Along with the new operational model, Spinak began allowing his four core employees to work onsite or remotely on a regular basis. Previously, employees were required to work in the office full time since the technology to work remotely wasn't yet in place. Remote working has allowed the company to downsize its office space. Spinak moved the company from a 2,500-foot windowless suite in an industrial office park to a 1,350-foot space in an art-deco building in downtown Raleigh with large windows. On most days, he says, about three to four people are in the office, including freelancers. Many meetings are held via Skype.
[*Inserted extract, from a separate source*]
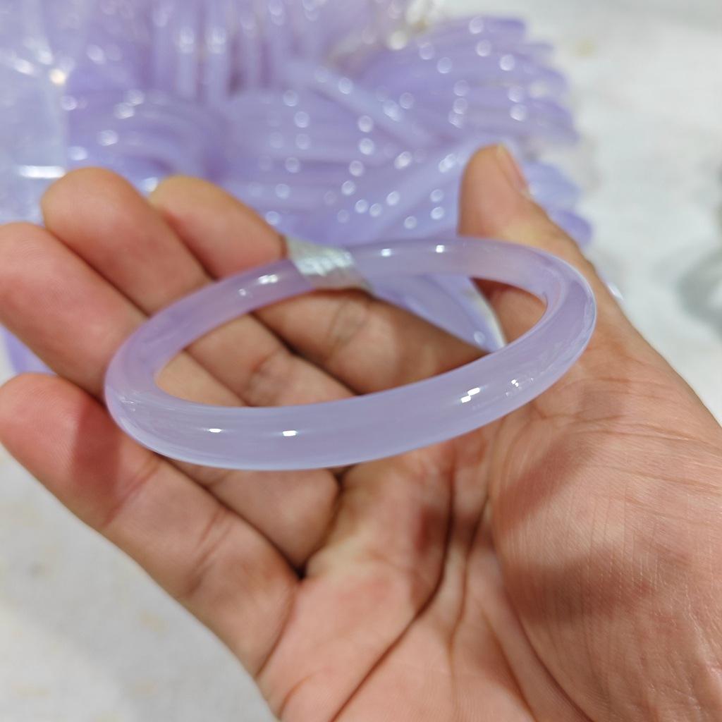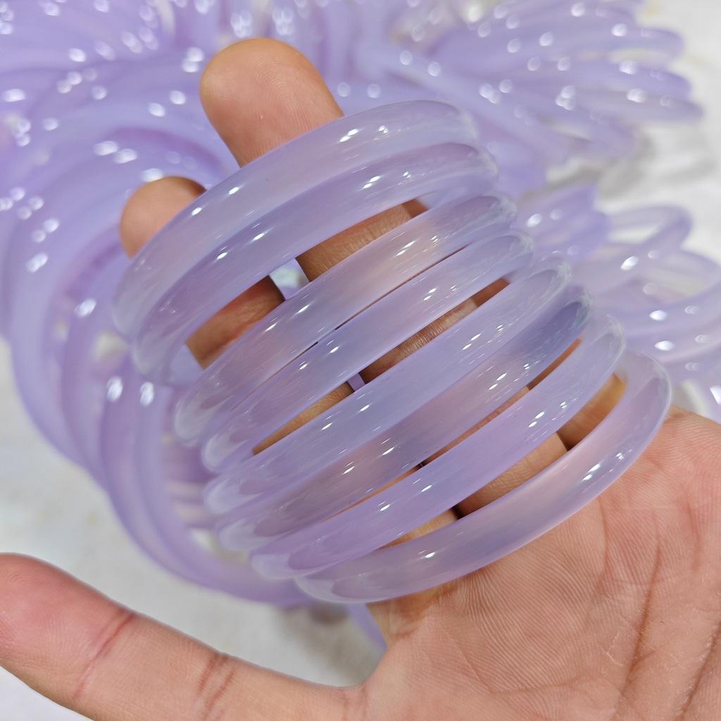 Pulsera Violeta Calcedonia Pulsera Cascabel 6mm para Mujer Lila Claro Lavanda Ágata Jade Pulsera Lichi Congelado Calcedonia Púrpura Pulsera
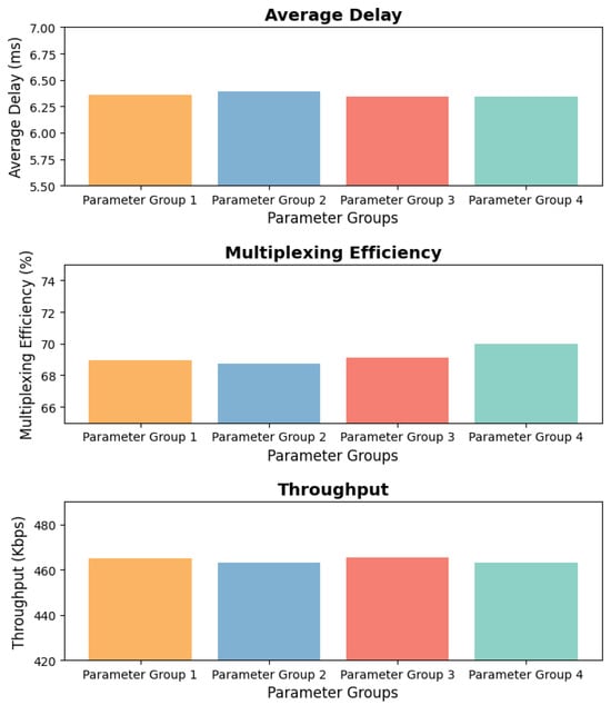 Figure 6, it can be observed that the average delay and throughput are optimal for Parameter Group 3, while the multiplexing efficiency is highest for Parameter Group 4. Overall, selecting Parameter Group 3 for AIFG algorithm training is the most optimal choice.

Company revenue has almost been cut 45 percent due to his former partner taking several clients with him. However, Spinak says the remaining company is now far more profitable. Its profits are about 11 percent so far this year, compared with 2 percent before the change. Moving to a hybrid employee-contractor model helped the company shave its labor costs by 5 percent to 7 percent, Spinak estimates. Rent on the office space is also $200 less per month, thanks to the relocation. He says the switch to a hybrid model has encouraged him to streamline other processes, including adopting a cloud-based file system (WorkZone) that makes it easier for remote workers to collaborate. He's also decided to no longer finance media buys for clients--something that the company did after the mergers and discovered wasn't worth the added risk.

"I like things to be orderly, because it allows me to be creative," he says. "You can't be creative in a noisy, unorganized environment. I felt like that's what I was living in for three years," as a result of the agency growing too fast.

The Takeaway: Relying more on contract or freelance employees can help reduce overhead costs and give a business more flexibility and agility.

Kelly K. Spors is a freelance writer in St. Louis Park, Minn.